Harald, can you confirm whether these users are largely on WinXP? If so, this is expected.
Flags: needinfo?(mhowell)
Flags: needinfo?(lhenry)
Flags: needinfo?(hkirschner)
Flags: needinfo?(benjamin)
All the current users are on Windows NT 6.1, aka Windows 7: https://sql.telemetry.mozilla.org/queries/469#774

Did we consider getting those users on an ESR release? Having users stuck on an old Beta does not help testing, skews our data and potentially impacts user sentiment.
Flags: needinfo?(hkirschner) → needinfo?(benjamin)
The "watershed" is just that, a version of Firefox that users we can't confirm have Operating Systems that support a Sha2 signing format have to pass through.

Once 44.0b1 is installed, if their OS supports the features we need (win7 should fit this bill, as we have understood it) the in-app updater should download the latest version and update those users to that version.

Do we have data on what Win7 Service pack these users have?
Can release QA test and make sure that users are still being issued updates from this build? If that's the case, we should hand this to the install/update team to diagnose.
Flags: needinfo?(benjamin) → needinfo?(sledru)
sure, Florin, Andrei, could you help? Merci
Flags: needinfo?(sledru)
Flags: needinfo?(florin.mezei)
Flags: needinfo?(andrei.vaida)
Hello, I tested on Windows 7 x32 and x64 bit with Firefox 44 beta 1 build 2 and 44 beta 9 and I did not received an update to a newer build. I am wondering if there is a timelimit when the update is triggered since I waited for more than 4 hours and I did not received an update. I did not force the update in any way from About Firefox or any some prefs. (I noticed that Nightly or DevEdition receives an update in seconds after I open an old version of the build).
Flags: needinfo?(florin.mezei)
Flags: needinfo?(benjamin)
Flags: needinfo?(andrei.vaida)
Bogdan, could you set app.update.log to true, open the about dialog, and copy / paste into this bug the lines in the browser console that start with *** AUS ? Thanks!
Flags: needinfo?(bogdan.maris)
(In reply to Robert Strong [:rstrong] (use needinfo to contact me) from comment #9)
> Bogdan, could you set app.update.log to true, open the about dialog, and
> copy / paste into this bug the lines in the browser console that start with
> *** AUS ? Thanks!

I posted the console output in pastebin: http://pastebin.com/v0sxYtBe
I tested using Firefox 44beta1 on Windows 7 x86 Professional Version 6.1 (Build 7601: Service Pack 1).
Flags: needinfo?(bogdan.maris) → needinfo?(robert.strong.bugs)
According to the log it downloaded
http://download.cdn.mozilla.net/pub/firefox/candidates/47.0-candidates/build3/update/win32/en-US/firefox-47.0.complete.mar

and the update was successfully staged
AUS:SVC UpdateManager:refreshUpdateStatus - Notifying observers that the update was staged. state: applied-service, status: applied

The update was also in the downloading state when you started
AUS:SVC Downloader:_selectPatch - found existing patch with state: downloading
AUS:SVC Downloader:_selectPatch - resuming download

It appears that all is well with updating on your system.
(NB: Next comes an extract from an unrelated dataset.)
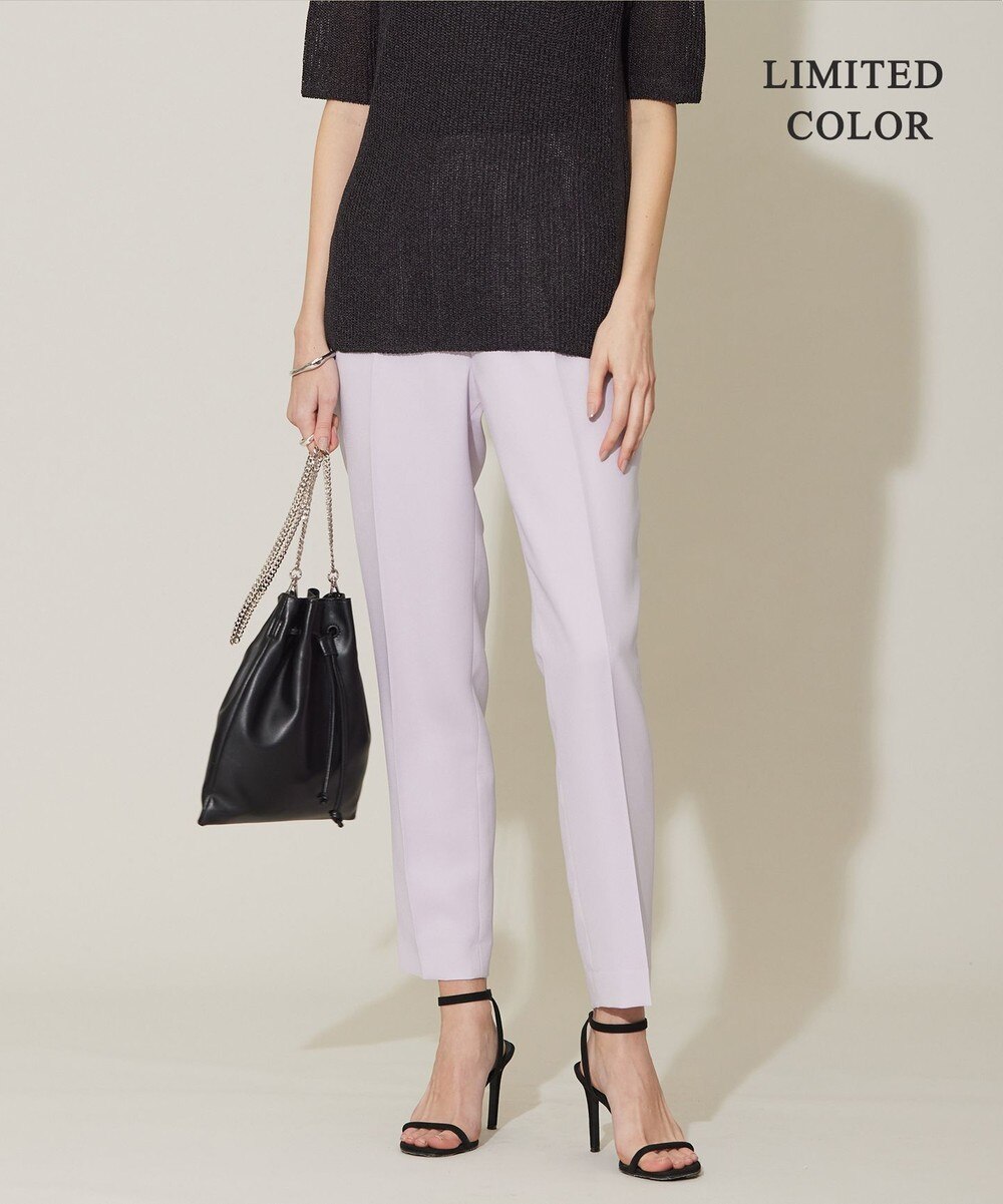 下画像は、上画像のジレと同素材の【先行予約・接触冷感・UVケア・速乾】FluidBackSatin ドロストパンツです。「ICB」【洗える】ライトダブルクロス ペプラムブラウス とお揃いのパンツを合わせて頂いても良いですが、キレイな色のパンツを合わせると春らしくなりますのでおすすめです。

Do you have any indication that the update didn't succeed?
Flags: needinfo?(robert.strong.bugs) → needinfo?(bogdan.maris)
As I said in comment 8, I did not force an update using About dialog. I just started the browser and left it be, than I waited for an update. Wille waiting I did saw a few http://download.cdn.mozilla.net/pub/firefox/candidates/47.0-candidates/build3/update/win32/en-US/firefox-47.0.complete.mar lines in browser console but no notification about an update or update after restart could be seen during my session (~4hours).
Also I stated above that I am not sure if there is a time set via prefs when the update will be applied or not.
Flags: needinfo?(bogdan.maris)
Thanks. It appears that your system is updating properly and won't be of help here.
Bogdan, after quitting and relaunching Firefox did it actually update correctly?
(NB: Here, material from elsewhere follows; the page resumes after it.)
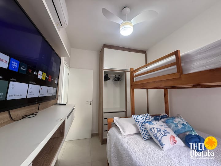 我叫Thel ,来自SP内部的Mirassol商人20多年。 2014年,我从2010年开始在自己的房子里出租季节,开始帮助我的邻居,让房客也能保持身体健康。 今天,我在乌巴图巴拥有30多处房源,其中大多在Praia Grande、Toninhas、Tenorio和Itaguá ,度假屋赢得了我的心、朋友和忠实的房客。

This is mysterious to me, but I'll start by creating a dataset of the recent update telemetry for users on this build to see if there are common patterns.
Flags: needinfo?(benjamin) → needinfo?(bogdan.maris)
If I *don't* access about dialog page, Firefox will not prompt me with an update even if I restart, exit Firefox, I'll still get 44 beta 1. 
If I *do* access about dialog page and wait for the update to download, after a restart or exit I do get Firefox 47.0.
Flags: needinfo?(bogdan.maris)
That is strange. The log you gave rstrong shows us staging a 47beta update. This should be applied at next startup without any prompting (no prompting is normal and expected). So if we're staging the update but not applying it that's a problem.
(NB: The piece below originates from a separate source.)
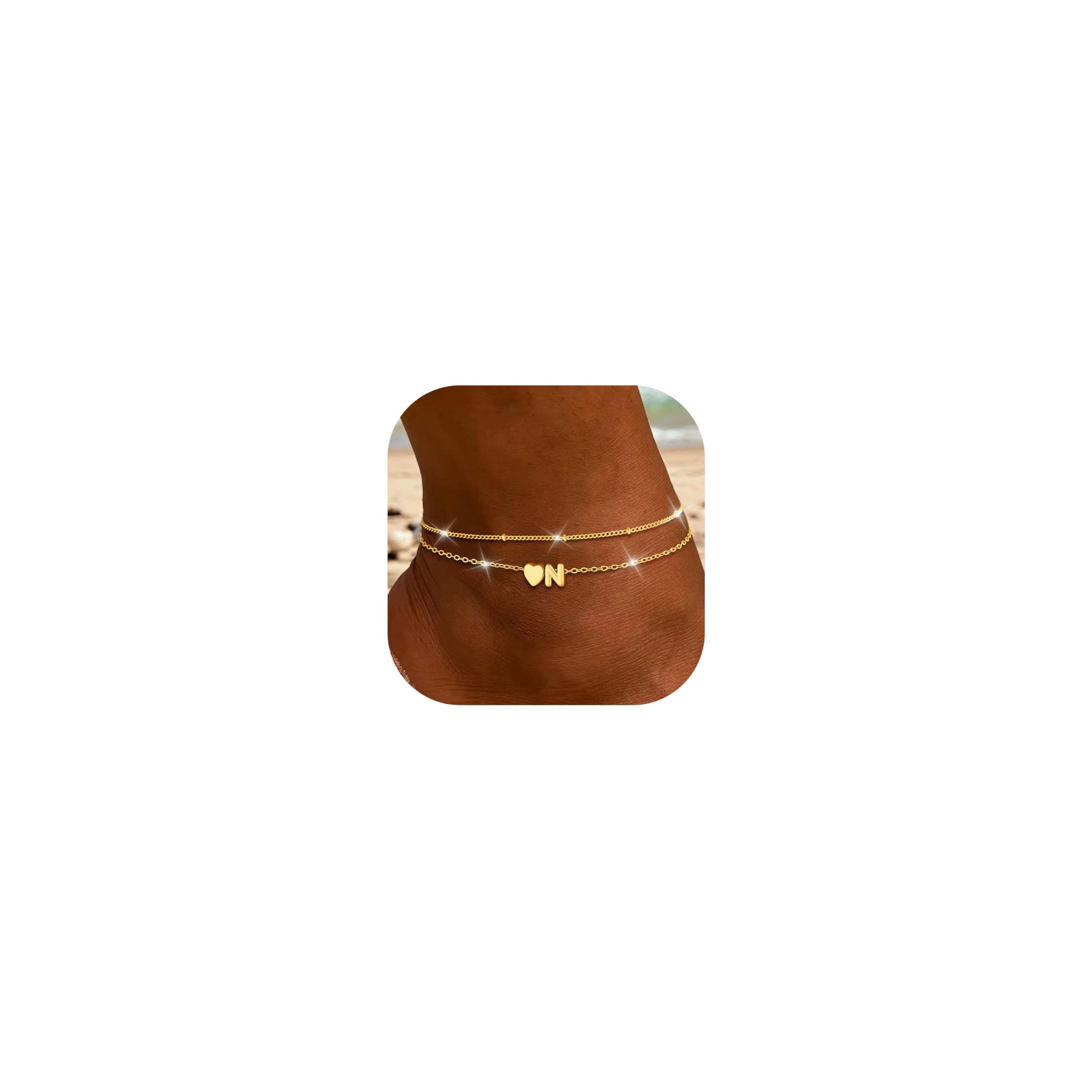 Turandoss – Tobillera en capas con dije de corazón con iniciales para mujer, chapado en oro de 14 quilates, hecha a mano con capas

rstrong, could you have a look please?
Assignee: nobody → robert.strong.bugs
Flags: needinfo?(robert.strong.bugs)
Bogdan, could you reproduce the case you described with the app.update.log pref set to true and after a few hours copy / paste the values that start with *** AUS into this bug? It might be possible to see if something is wrong with a few of the following "http://download.cdn.mozilla.net/pub/firefox/candidates/47.0-candidates/build3/update/win32/en-US/firefox-47.0.complete.mar lines in browser console" but please just leave it open in case an error is reported at a later time.
Flags: needinfo?(robert.strong.bugs) → needinfo?(bogdan.maris)
Well, I retested again and now I do get the update from 44beta1 to 48beta1 after exit and relaunch. Here is the requested console output (http://pastebin.com/4DsDxN90).
Flags: needinfo?(bogdan.maris)
This build shows no change in usage hours. Can we explore other avenues for debugging this?
Flags: needinfo?(robert.strong.bugs)
Matthew and Stephen, any ideas as to how to research this? Perhaps telemetry?
Flags: needinfo?(spohl.mozilla.bugs)
Flags: needinfo?(robert.strong.bugs)
Flags: needinfo?(mhowell)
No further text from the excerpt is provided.